ENGOT-ov77/GINECO/REJOICE study

Raludotatug deruxtecan (R-DXd), a novel antibody–drug conjugate targeting CDH6, was evaluated in the phase 2 ENGOT-ov77/GINECO/REJOICE study in patients with platinum-resistant ovarian cancer. Eligible participants had received one to three prior lines of systemic therapy, including bevacizumab and PARP inhibitors in the majority of cases. Patients were randomised to receive different doses of R-DXd to determine the optimal balance between efficacy and safety.

Across all dose cohorts, R-DXd demonstrated substantial antitumour activity, with confirmed objective response rates exceeding 50% and disease control rates above 77%. The median time to response was approximately seven weeks, and most patients exhibited measurable tumour shrinkage. These findings suggest rapid and clinically meaningful activity of R-DXd even in heavily pretreated, platinum-resistant populations.

Regarding safety, treatment-related grade ≥3 adverse events were consistent with expectations for this class of agents. The rate of treatment discontinuation due to toxicity was low (approximately 5%). Dose reductions and delays occurred more frequently in the 6.4 mg/kg cohort. The most common adverse events included nausea, anaemia, asthenia, and neutropenia. Interstitial lung disease was observed in about 3% of patients, predominantly grade 1–2, with a single grade 3 event. The overall safety profile of the 5.6 mg/kg cohort was comparable to that of the 4.8 mg/kg group, while the 6.4 mg/kg dose was associated with a higher incidence of adverse events.

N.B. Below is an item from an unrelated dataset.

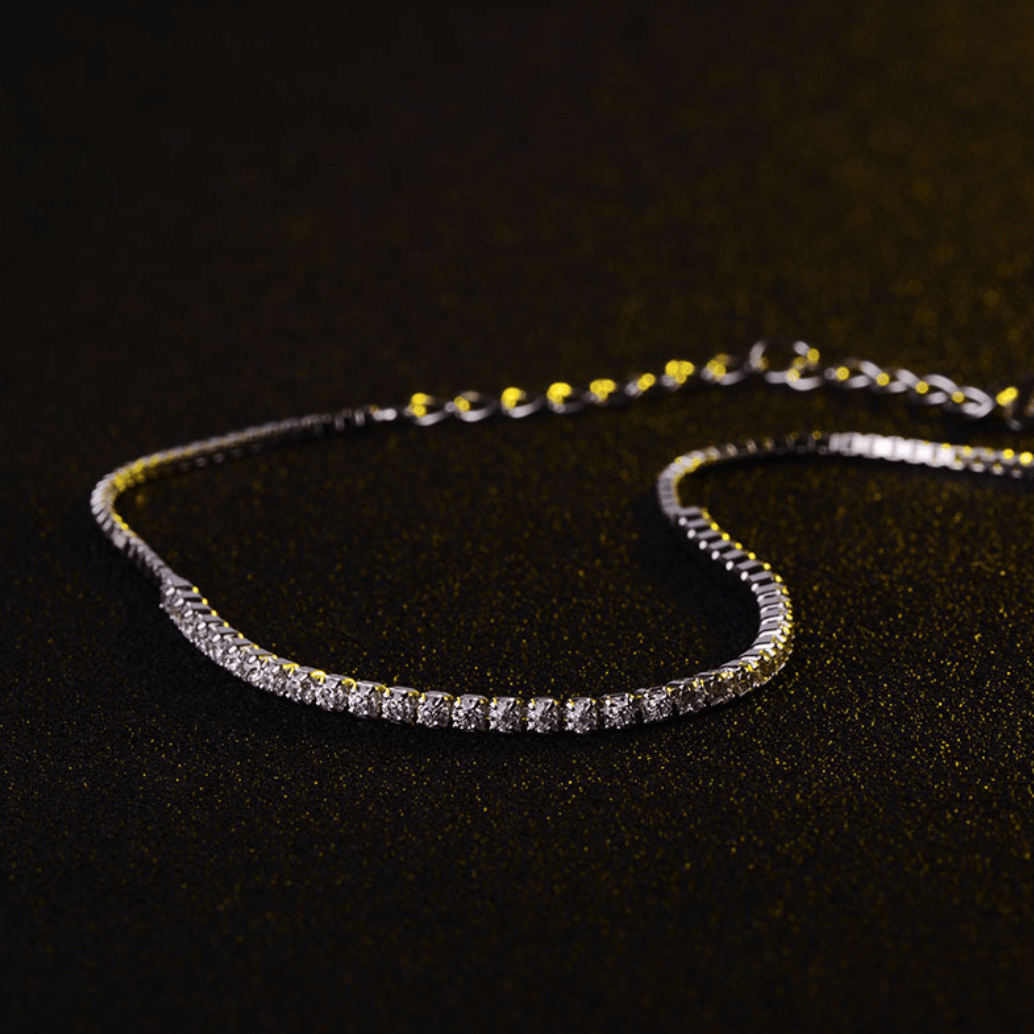 Bratara din argint placata cu rodiu pentru stralucire cu pietre de zirconiu. Foarte usor de potrivit indiferent de circumferinta ingheieturii datorita faptului ca are lungime ajustabila.

Importantly, R-DXd exhibited clinical activity across a broad range of CDH6 expression levels, indicating that therapeutic efficacy is not restricted to high-expression tumours. Based on the observed efficacy and tolerability, 5.6 mg/kg was identified as the optimal dose for further evaluation. The phase 3 REJOICE-OV1 trial will further assess R-DXd at the 5.6 mg/kg dose compared with physician’s choice of chemotherapy.